By asking the Court to declare monopoly bargaining a violation of the First Amendment, Foundation staff attorneys seek to build off two recent Foundation-won Supreme Court decisions. In the 2014 Harris v. Quinn decision, the Court applied exacting First Amendment scrutiny to rule that providers like the Bierman plaintiffs cannot be required to pay union fees.

Next, in the June 2018 Janus v. AFSCME decision, the Court declared that forced union fees for all public sector employees violate the First Amendment and opened the door to further cases seeking to uphold workers’ rights to freedom of speech and freedom of association. In his opinion for the majority, Justice Samuel Alito wrote for the Court that “designating a union as the employees’ exclusive representative substantially restricts the rights of individual employees.”

Both Harris and Janus were argued by National Right to Work Foundation staff attorney William Messenger, who is also the lead attorney in Bierman v. Dayton. Bierman now asks the Supreme Court, for the first time, to apply the same First Amendment standard to forced association as it has already applied to forced subsidies of union speech.
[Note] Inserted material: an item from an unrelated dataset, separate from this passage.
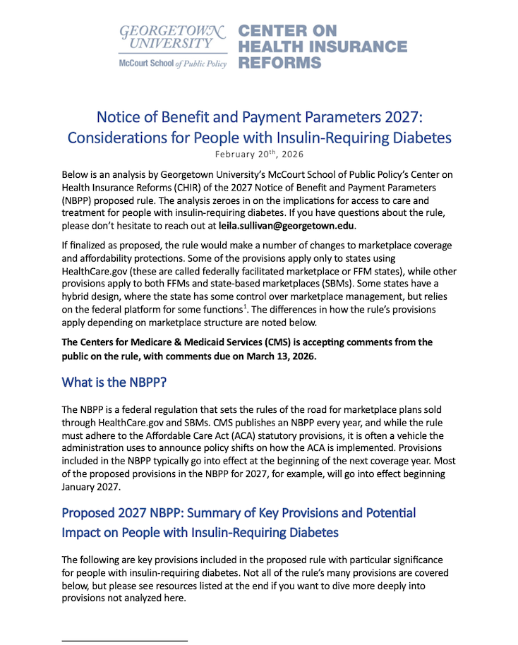 Notice of Benefit and Payment Parameters 2027: Considerations for People with Insulin-Requiring Diabetes Amy Killelea | 2026-02-20Please click here to view the publication.

“If the Supreme Court agrees to hear Bierman, these home care providers will be one step closer toward ending an unconstitutional scheme that forces them to associate with a union they oppose as a condition of state assistance in providing care for their sons and daughters,” said Mark Mix, President of the National Right to Work Legal Defense Foundation. “Forcing individuals under union monopoly representation flies in the face of the First Amendment’s protection of freedom of association. This case gives the High Court the opportunity to apply to Big Labor’s coercive exclusive representation powers the legal standards it laid out in Janus and Harris.”